**ABOUT THIS TASK**
The entries below hold a line with "February 2025 /" and a line with "Serve up a cup". Return those lines and all that lie between them, exactly and only.

**INFORMATION GIVEN**
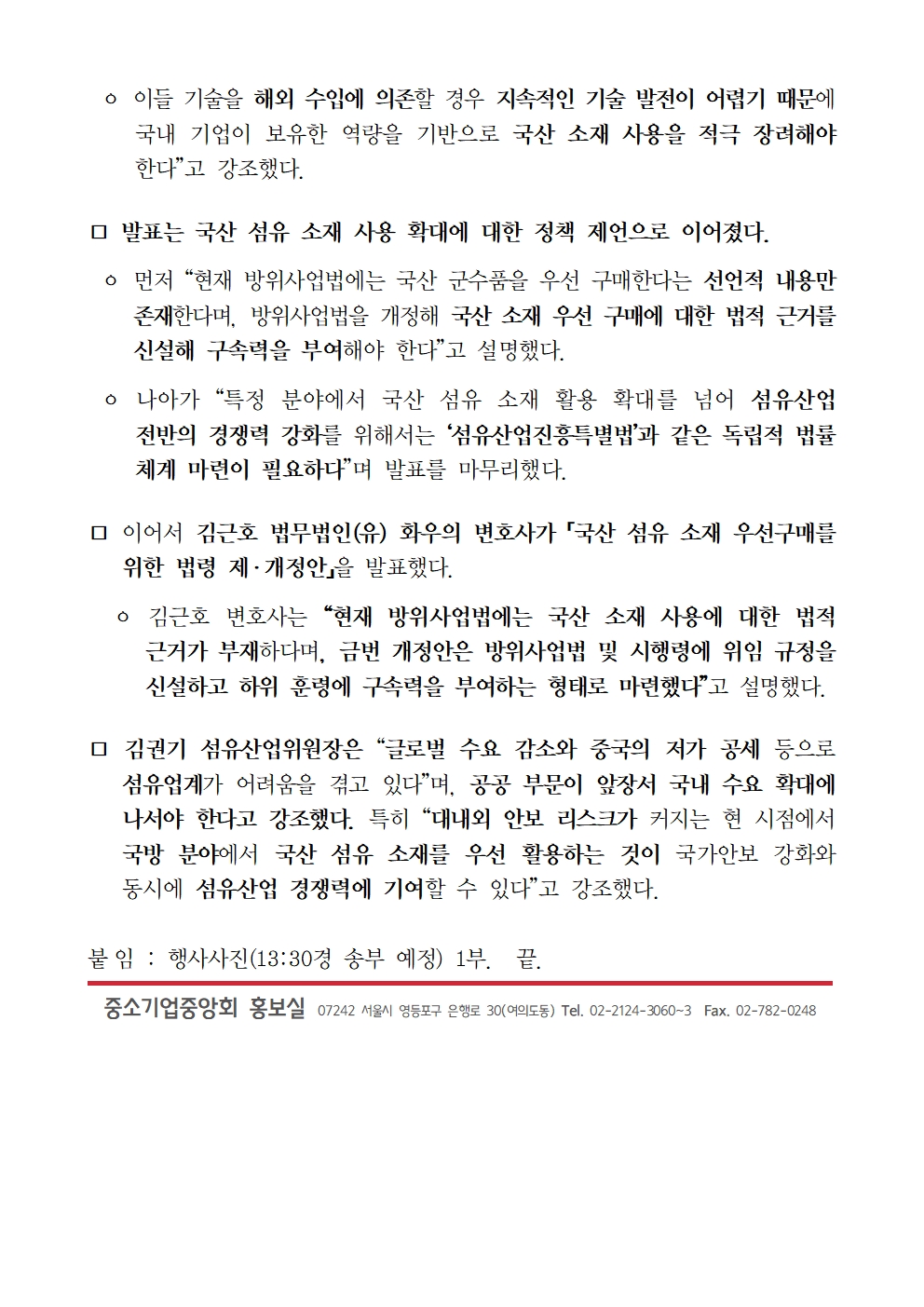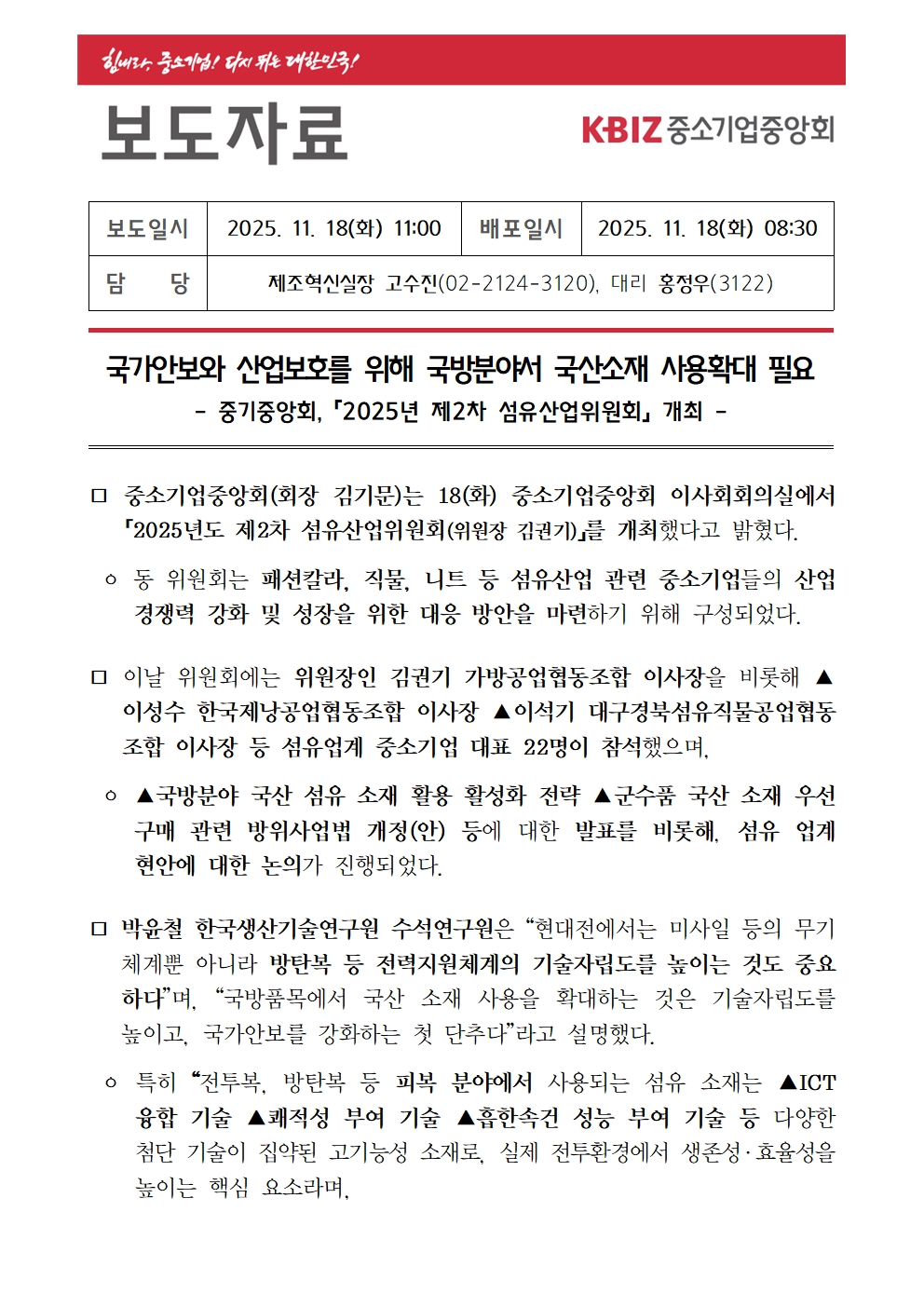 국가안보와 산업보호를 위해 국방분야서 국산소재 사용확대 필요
--
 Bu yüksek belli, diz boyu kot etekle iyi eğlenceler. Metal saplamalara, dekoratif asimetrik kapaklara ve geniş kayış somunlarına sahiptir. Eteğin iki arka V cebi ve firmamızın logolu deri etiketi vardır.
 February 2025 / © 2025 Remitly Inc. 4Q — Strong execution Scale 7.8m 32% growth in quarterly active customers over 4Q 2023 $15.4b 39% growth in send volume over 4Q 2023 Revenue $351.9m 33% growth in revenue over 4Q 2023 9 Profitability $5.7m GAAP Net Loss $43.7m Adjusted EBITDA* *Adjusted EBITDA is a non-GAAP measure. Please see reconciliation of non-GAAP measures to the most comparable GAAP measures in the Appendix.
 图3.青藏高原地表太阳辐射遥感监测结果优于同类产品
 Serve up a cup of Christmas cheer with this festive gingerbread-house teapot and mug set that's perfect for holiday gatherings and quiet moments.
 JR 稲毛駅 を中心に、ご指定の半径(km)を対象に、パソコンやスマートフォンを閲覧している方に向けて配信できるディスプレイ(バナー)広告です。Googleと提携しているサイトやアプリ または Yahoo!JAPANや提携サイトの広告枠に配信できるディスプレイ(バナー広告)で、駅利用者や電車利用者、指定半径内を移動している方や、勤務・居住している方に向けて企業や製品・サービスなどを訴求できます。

**RESPONSE TO THIS TASK**
 February 2025 / © 2025 Remitly Inc. 4Q — Strong execution Scale 7.8m 32% growth in quarterly active customers over 4Q 2023 $15.4b 39% growth in send volume over 4Q 2023 Revenue $351.9m 33% growth in revenue over 4Q 2023 9 Profitability $5.7m GAAP Net Loss $43.7m Adjusted EBITDA* *Adjusted EBITDA is a non-GAAP measure. Please see reconciliation of non-GAAP measures to the most comparable GAAP measures in the Appendix.
 图3.青藏高原地表太阳辐射遥感监测结果优于同类产品
 Serve up a cup of Christmas cheer with this festive gingerbread-house teapot and mug set that's perfect for holiday gatherings and quiet moments.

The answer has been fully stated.